Le Cap de la Hague, contrée au bout du monde

La baie d’Écalgrain, splendide plage de sable et de galets avec un point de vue unique sur les îles Anglo-Normandes et le raz Blanchard. - © Tuul et Bruno Morandi / Détours en France

Publié le par Philippe Bourget

L'essentiel

Résumé par l’IA, validé par la Rédaction.

  • Le GR223 entre Cherbourg et Carteret révèle ses plus beaux atouts : plages sauvages, falaises, landes et hameaux chargés d’histoire, comme Gruchy, village natal du peintre Millet.
  • Trois jours de marche rythmés par des paysages contrastés : criques paisibles, caps battus par les vents, prairies verdoyantes dignes de l’Irlande et villages de granit au charme discret.
  • De la plage de Querqueville aux dunes de Biville, un itinéraire entre calme et tempête, entre patrimoine et nature brute, pour les amoureux de grands horizons.

Le GR223 court de Honfleur au Mont-Saint-Michel, fil d’Ariane côtier de la Basse-Normandie. Mais c’est entre Cherbourg et Carteret qu’il excelle. Depuis Querqueville exactement, il s’échappe à l’ouest dans un décor riant de plages qui ne laisse rien présager de la suite.

Le GR223 comme itinéraire 

La première étape mène à Omonville-la-Rogue. Près de 14 kilomètres à parcourir en un peu plus de quatre heures. La plage de Querqueville est agréable, celle d’Urville-Nacqueville, avec sable blond et grand estran, mérite une baignade. Mais passé l’hôtel le Landemer, le décor change. Place à la lande et à la côte rocheuse, fin de l’urbanisation. Un vallon s’échappe sur la gauche? Courez-y. Au bout, à Gruchy, hameau humide de terre et de mer, se tient la maison natale du peintre Jean-François Millet. Rappelez-vous, les tableaux de la France paysanne du XIXe, Des glaneuses, L’Angélus... c’est lui, et sa maison se visite.

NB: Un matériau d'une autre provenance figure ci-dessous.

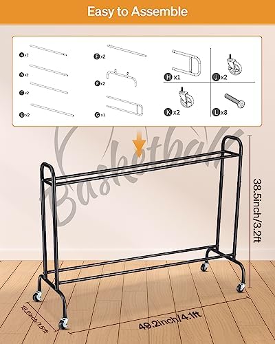 REMOVABLE & IDEAL FOR MULTI-OCCASIONS : The ball racks can move it easily. Equipped with 4 sturdy multi-directional wheels (including 2 lockable). It is ideal for the garage, home, school, Basketball training ground and more other places.
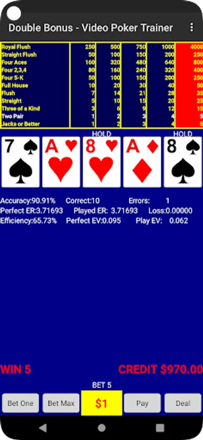 Video Poker Strategy Trainer - Double Bonus

Le sentier littoral poursuit ses ondulations au gré des baies et des pointes, exposées nord- est, regardant les côtes anglaises et l’île de Wight. Doué du Moulin, baie de Quervière, pointe d’Etimbert... de creux en cap et de vert en gris sur ce sentier de lande, on parvient à Omonville-la-Rogue. L’entrée du village est marquée par les vestiges d’un ancien fort, situé sur la colline de Led-heu. Il daterait du XVIe siècle. Comme les contrebandiers et les douaniers qui l’empruntaient jadis, vous trouverez refuge dans cette ville portuaire aux solides maisons de granit. Certaines sont encore couvertes de pierres de schiste. 

Paysages de calme et tempête...

Deuxième jour, celui de l’avant « grand spectacle ». Long de 13,5 kilomètres, l’itinéraire conduit en trois heures et demie jusqu’à Auderville, ultime commune du cap de la Hague. La côte est encore abritée, avec un relief bas plus enroché mais très découpé. Elle est jalonnée de spots sauvages: la pointe de Jardeheu (ancien sémaphore); la pointe de Catehaut; la baie d’Ecuty... 

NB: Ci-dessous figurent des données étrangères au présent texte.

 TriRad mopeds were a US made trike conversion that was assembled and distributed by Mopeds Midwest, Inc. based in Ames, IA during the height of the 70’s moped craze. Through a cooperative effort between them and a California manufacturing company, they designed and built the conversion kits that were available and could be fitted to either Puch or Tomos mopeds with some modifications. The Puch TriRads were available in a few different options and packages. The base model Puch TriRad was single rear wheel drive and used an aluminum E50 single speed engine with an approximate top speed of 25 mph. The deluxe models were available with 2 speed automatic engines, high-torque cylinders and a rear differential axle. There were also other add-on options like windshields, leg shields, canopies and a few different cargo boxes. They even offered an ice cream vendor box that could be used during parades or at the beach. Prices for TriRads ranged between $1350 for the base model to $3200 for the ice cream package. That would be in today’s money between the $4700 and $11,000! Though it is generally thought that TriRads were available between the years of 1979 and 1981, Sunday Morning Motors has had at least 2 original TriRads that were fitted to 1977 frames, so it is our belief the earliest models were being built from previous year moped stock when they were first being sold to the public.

Entre eux, des intermèdes suaves, comme le calme avant la tempête. Des criques rocheuses. La courbure légère de la plage de l’anse Saint-Martin. Et Port-Racine, autoproclamé plus petit port de France. Avec sa quinzaine de barcasses au mouillage, attachées par de longues cordes à des poteaux en bois, il se donne des airs de calanque. Histoire de bien finir la journée, il faut quitter la côte et rejoindre Auderville, village des terres. Le bourg affiche de coquettes maisons aux jardins fleuris de boules d’hortensias parme.

Balade « allegrissimo »

Reste le grand jour. Au programme, 23 kilomètres d’Auderville à Biville. Sept heures de voyage allegrissimo. Pointes du Nez-Cabot, de la Loge, du Grouin... voilà le cap ultime, face au raz Blanchard, souvent en furie. Ils ne sont pas nombreux à l’affronter, mais on trouve ce genre de gaillards à la station SNSM de Goury, ultime havre à bateaux avant les outrances du large. Après ? C’est un voyage en Irlande ! Des prairies d’un vert claquant, des murets de pierre sèche, de la bruyère, des arbres pliés par le vent, des falaises amples. Flegmatiques dans leur enclos, des vaches semblent imperméables au spectacle. Il y en a souvent, pourtant, des tempêtes ravageuses. C’est soûlé de vent que l’on saute de la baie d’Écalgrain au nez de Voidries, de celui de Jobourg au château de Vauville. Voilà Biville et les dunes, fin de parcours. Et si l’on repartait en sens inverse?